Fig 17. Example of spectral Doppler frequency display of the middle cerebral artery. B-mode US with Color Flow Doppler sector overlaid. PWD sample box over the middle cerebral artery. Peak systolic velocity (Vs), end systolic velocity (Vd), acceleration time or systolic upstroke (At), pulsatility index (PI), time-averaged mean maximum velocity (Vmean) (traced in purple).
Continuous Wave Doppler
The Doppler effect is also used here. This time however all the velocities coming from that scan line (and not a particular point in that scan line) is measured. So you measure all velocities that are coming towards the probe which means you can measure high velocities but you cannot tell where they are coming from (something called range ambiguity). This is a great technique for measuring the highest velocity across a narrow path such as that which can occur in patients with aortic stenosis.
Fig 18. Example of spectral Doppler frequency display of the Left ventricular outflow tract (LVOT). In these images we are attempting to interrogate the aortic valve. Images taken from the apical 5 chamber view. B-mode US with Color Flow Doppler sector overlaid. We are thus obtaining transvalvular pressure gradients and assume that the narrowest point is at the level of aortic valve (untrue if a patient has hypertrophic cardiomyopathy). In image A we appreciate CWD and the spectral doppler window it generates over all velocities across that scan line. In B, the PWD sample box is over the LVOT. A CWD with a maximal velocity of more than 4m/s is indicative of aortic stenosis. In this example it is 4.8m/s. We can also compare the PWD to CWD ratio spectral profile with the velocity time integral (VTI). VTI is the calculated are over the curve and it represents velocity across time. Another indicator of aortic stenosis is the VTI of the LVOT / VTI of the Aortic Valve and a value less than 0.25 is considered severe aortic stenosis. Image from Santangelo G et al.

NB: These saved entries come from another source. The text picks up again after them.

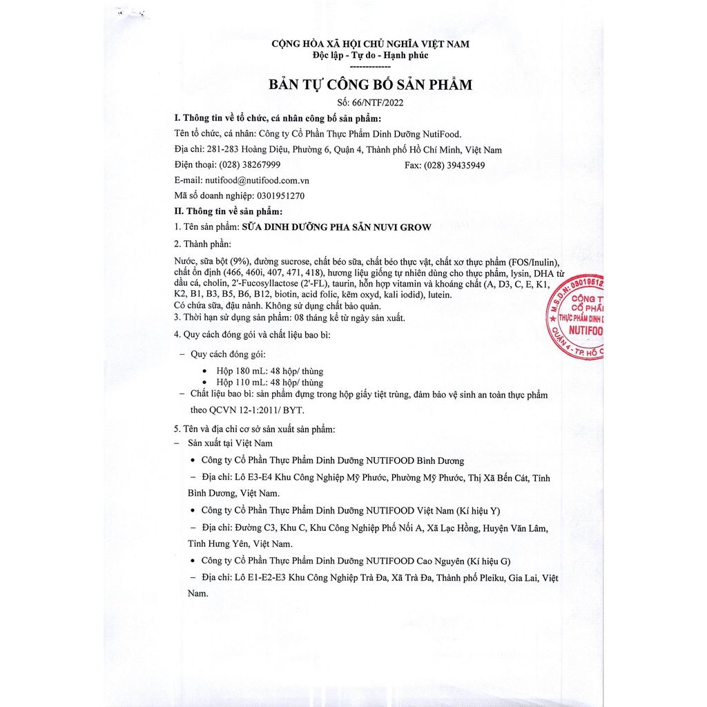 Lốc 4 hộp sữa bột pha sẵn Nuvi Grow 180ml
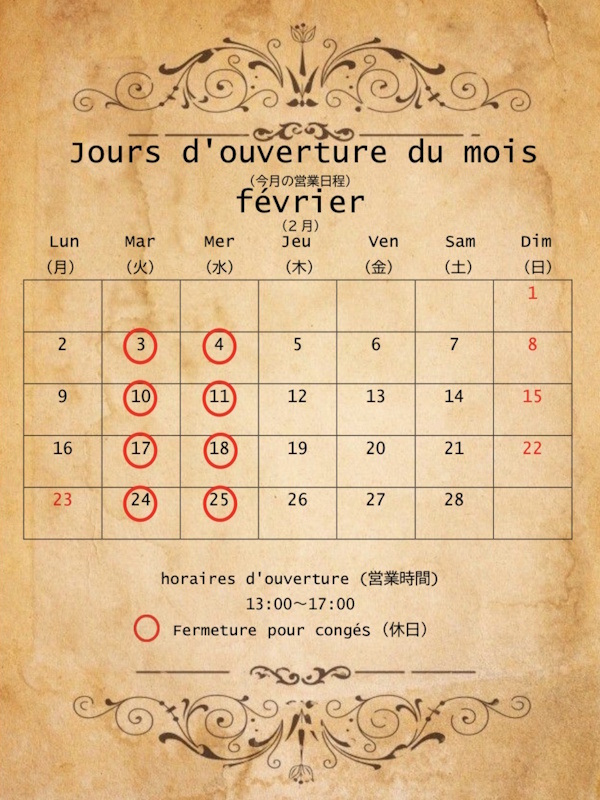 2026年2月のお休みは毎週火曜日、水曜日となっております。
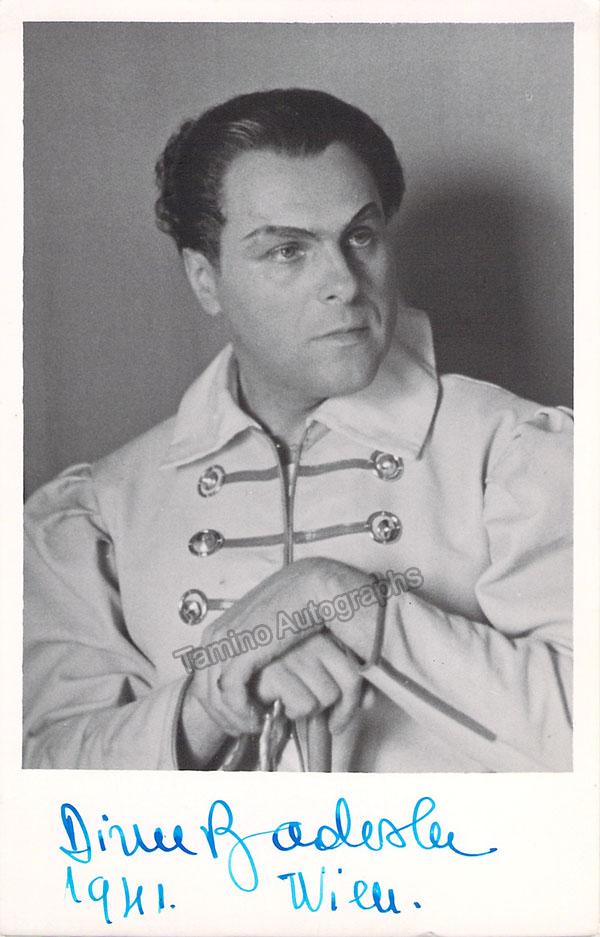 Romanian tenor (1904-1980), signed photo postcard, shown in role. Signed in Vienna, dated in 1941. Stamped on verso by photographer Macku, Vienna. Bold signature in attractive blue ink. Size is 3.5 x 5.5 inches, in excellent condition.
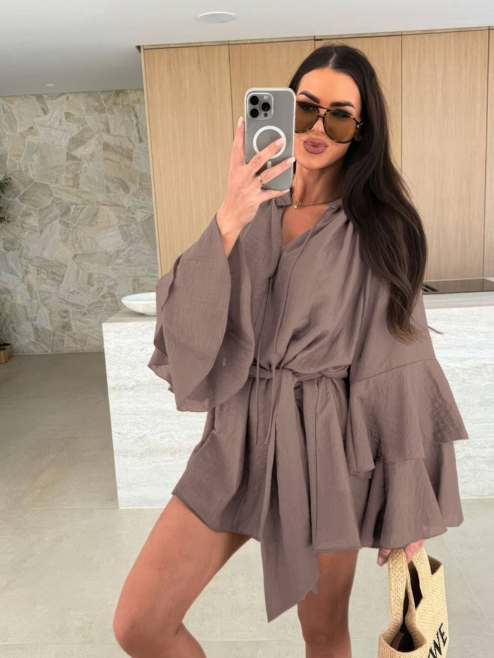 ✨Легкое платье oversize с рукавами-воланами и поясом на талии
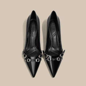 黑色绝美高跟鞋女2025新款不累脚法式气质尖头细跟单鞋配裙子
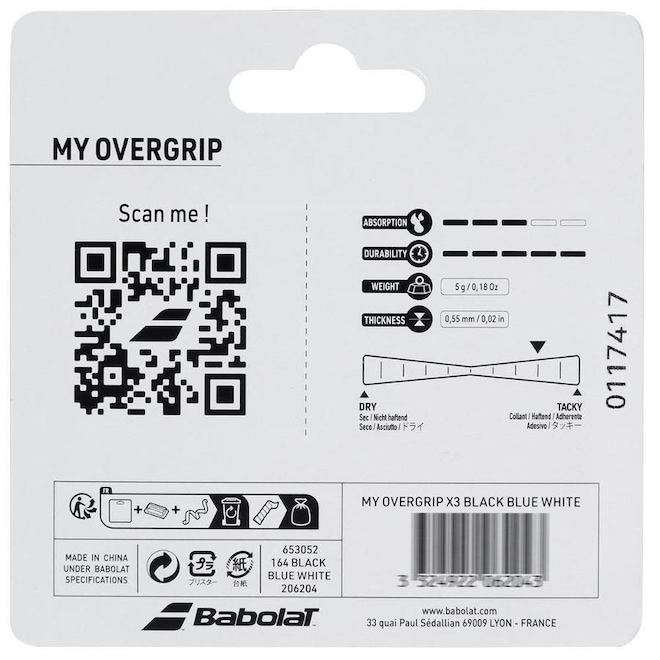 Descrição do Overgrip Babolat My Grip X3 Azul Branco e Preto

Ultrasound has thermal, cavitation, and other effects on tissues. The thermal effects of ultrasound causes the temperature of tissue to increase. Dense tissue such as bone is less likely to disperse the energy of an ultrasound wave and temperature rises faster. Blood on the other hand disperses the heat very easily.

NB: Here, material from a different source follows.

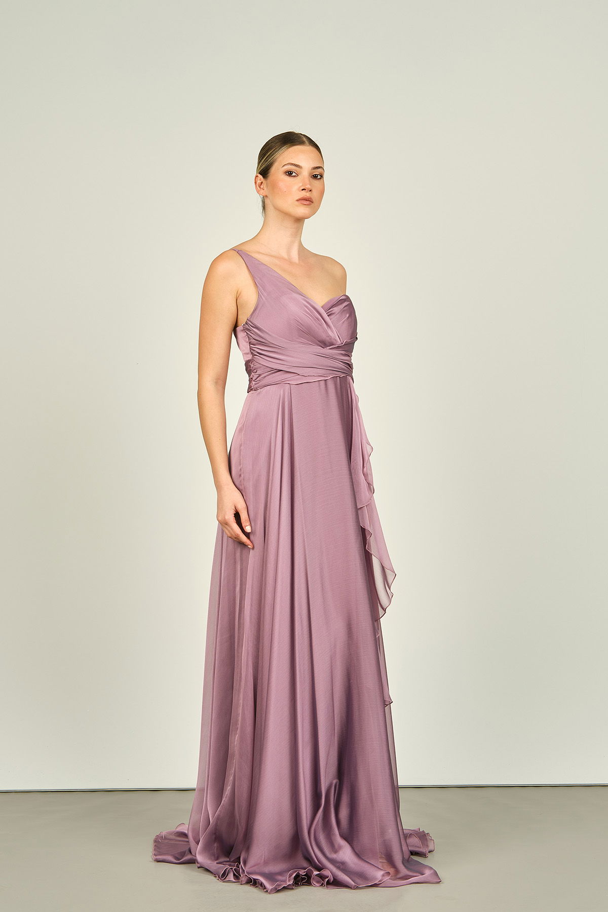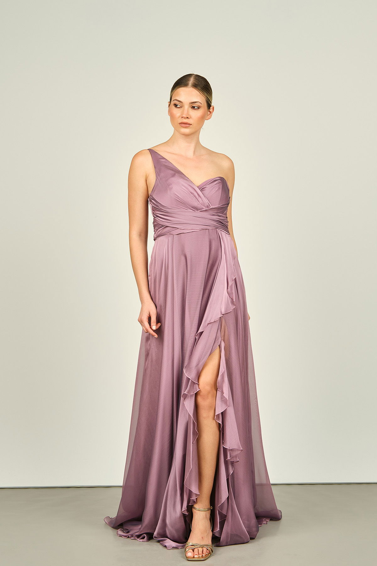 Detay: Tek omuz, fırfırlı, astarlı, uzun abiye elbise;
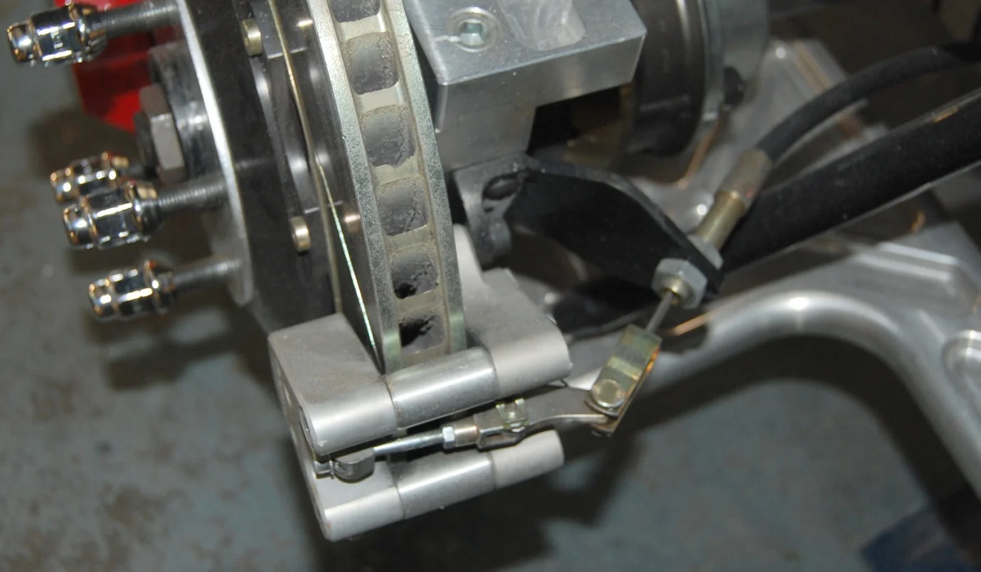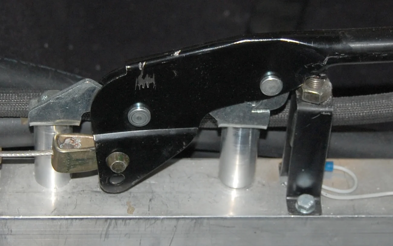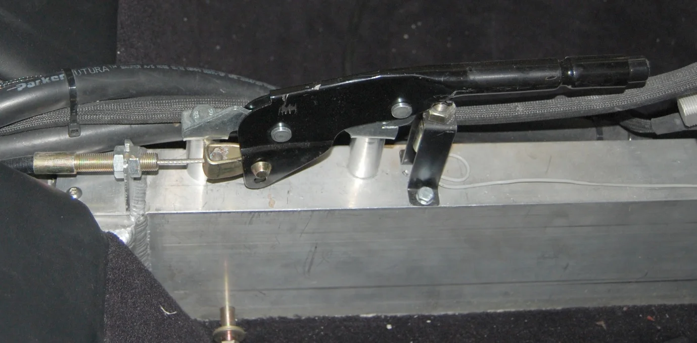 The brake lever can be mounted on the center spine as is shown here, or beside the driver’s seat between the seat and the outside edge of the chassis.

As the ultrasound intensity (power) or frequency increases the rate of rise of the temperature increases. Activating color modes greatly increases the power of the ultrasound output. In 2D mode the temperature will rise slower than in color mode. When the ultrasound is not in use, the probe should be disconnected or placed in "freeze" mode so no power is transmitted to the probe tip. The temperature of the probe should not exceed 10 degrees centigrade of the patient's temperature or a burn injury can occur.